### What this task involves
Output each record exactly. Leave none out.

### Provided data
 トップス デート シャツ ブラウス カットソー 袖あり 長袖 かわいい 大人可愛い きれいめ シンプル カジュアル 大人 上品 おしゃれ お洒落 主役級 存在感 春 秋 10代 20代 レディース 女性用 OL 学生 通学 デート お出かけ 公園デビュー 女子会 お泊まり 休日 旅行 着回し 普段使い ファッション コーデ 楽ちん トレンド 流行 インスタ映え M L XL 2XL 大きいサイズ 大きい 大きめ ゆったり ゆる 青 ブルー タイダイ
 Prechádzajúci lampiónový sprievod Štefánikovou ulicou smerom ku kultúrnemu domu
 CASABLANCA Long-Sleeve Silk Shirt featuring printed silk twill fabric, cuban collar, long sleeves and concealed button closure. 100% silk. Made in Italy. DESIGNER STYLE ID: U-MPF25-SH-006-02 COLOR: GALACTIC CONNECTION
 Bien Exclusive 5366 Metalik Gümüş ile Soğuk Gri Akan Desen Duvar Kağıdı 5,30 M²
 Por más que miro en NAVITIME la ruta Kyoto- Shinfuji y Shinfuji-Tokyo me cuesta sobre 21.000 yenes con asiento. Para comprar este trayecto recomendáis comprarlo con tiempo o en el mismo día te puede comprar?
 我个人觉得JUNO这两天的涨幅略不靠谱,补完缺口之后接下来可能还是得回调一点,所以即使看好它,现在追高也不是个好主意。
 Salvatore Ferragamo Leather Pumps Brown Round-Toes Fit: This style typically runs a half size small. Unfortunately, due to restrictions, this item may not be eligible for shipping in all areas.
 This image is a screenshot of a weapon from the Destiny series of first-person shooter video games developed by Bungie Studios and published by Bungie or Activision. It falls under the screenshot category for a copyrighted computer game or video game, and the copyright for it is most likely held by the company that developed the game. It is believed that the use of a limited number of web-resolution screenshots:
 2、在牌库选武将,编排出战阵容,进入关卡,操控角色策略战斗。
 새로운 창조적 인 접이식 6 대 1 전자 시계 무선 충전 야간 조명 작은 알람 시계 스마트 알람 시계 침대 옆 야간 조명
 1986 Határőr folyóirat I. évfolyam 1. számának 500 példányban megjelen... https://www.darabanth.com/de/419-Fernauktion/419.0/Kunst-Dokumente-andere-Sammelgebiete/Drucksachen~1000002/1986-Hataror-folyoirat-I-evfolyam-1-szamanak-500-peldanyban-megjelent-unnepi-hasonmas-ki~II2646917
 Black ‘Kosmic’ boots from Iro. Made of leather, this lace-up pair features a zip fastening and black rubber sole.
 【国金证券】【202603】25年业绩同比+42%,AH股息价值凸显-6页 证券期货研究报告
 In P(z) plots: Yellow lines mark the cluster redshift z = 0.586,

### Answer to the exercise
 トップス デート シャツ ブラウス カットソー 袖あり 長袖 かわいい 大人可愛い きれいめ シンプル カジュアル 大人 上品 おしゃれ お洒落 主役級 存在感 春 秋 10代 20代 レディース 女性用 OL 学生 通学 デート お出かけ 公園デビュー 女子会 お泊まり 休日 旅行 着回し 普段使い ファッション コーデ 楽ちん トレンド 流行 インスタ映え M L XL 2XL 大きいサイズ 大きい 大きめ ゆったり ゆる 青 ブルー タイダイ
 Prechádzajúci lampiónový sprievod Štefánikovou ulicou smerom ku kultúrnemu domu
 CASABLANCA Long-Sleeve Silk Shirt featuring printed silk twill fabric, cuban collar, long sleeves and concealed button closure. 100% silk. Made in Italy. DESIGNER STYLE ID: U-MPF25-SH-006-02 COLOR: GALACTIC CONNECTION
 Bien Exclusive 5366 Metalik Gümüş ile Soğuk Gri Akan Desen Duvar Kağıdı 5,30 M²
 Por más que miro en NAVITIME la ruta Kyoto- Shinfuji y Shinfuji-Tokyo me cuesta sobre 21.000 yenes con asiento. Para comprar este trayecto recomendáis comprarlo con tiempo o en el mismo día te puede comprar?
 我个人觉得JUNO这两天的涨幅略不靠谱,补完缺口之后接下来可能还是得回调一点,所以即使看好它,现在追高也不是个好主意。
 Salvatore Ferragamo Leather Pumps Brown Round-Toes Fit: This style typically runs a half size small. Unfortunately, due to restrictions, this item may not be eligible for shipping in all areas.
 This image is a screenshot of a weapon from the Destiny series of first-person shooter video games developed by Bungie Studios and published by Bungie or Activision. It falls under the screenshot category for a copyrighted computer game or video game, and the copyright for it is most likely held by the company that developed the game. It is believed that the use of a limited number of web-resolution screenshots:
 2、在牌库选武将,编排出战阵容,进入关卡,操控角色策略战斗。
 새로운 창조적 인 접이식 6 대 1 전자 시계 무선 충전 야간 조명 작은 알람 시계 스마트 알람 시계 침대 옆 야간 조명
 1986 Határőr folyóirat I. évfolyam 1. számának 500 példányban megjelen... https://www.darabanth.com/de/419-Fernauktion/419.0/Kunst-Dokumente-andere-Sammelgebiete/Drucksachen~1000002/1986-Hataror-folyoirat-I-evfolyam-1-szamanak-500-peldanyban-megjelent-unnepi-hasonmas-ki~II2646917
 Black ‘Kosmic’ boots from Iro. Made of leather, this lace-up pair features a zip fastening and black rubber sole.
 【国金证券】【202603】25年业绩同比+42%,AH股息价值凸显-6页 证券期货研究报告
 In P(z) plots: Yellow lines mark the cluster redshift z = 0.586,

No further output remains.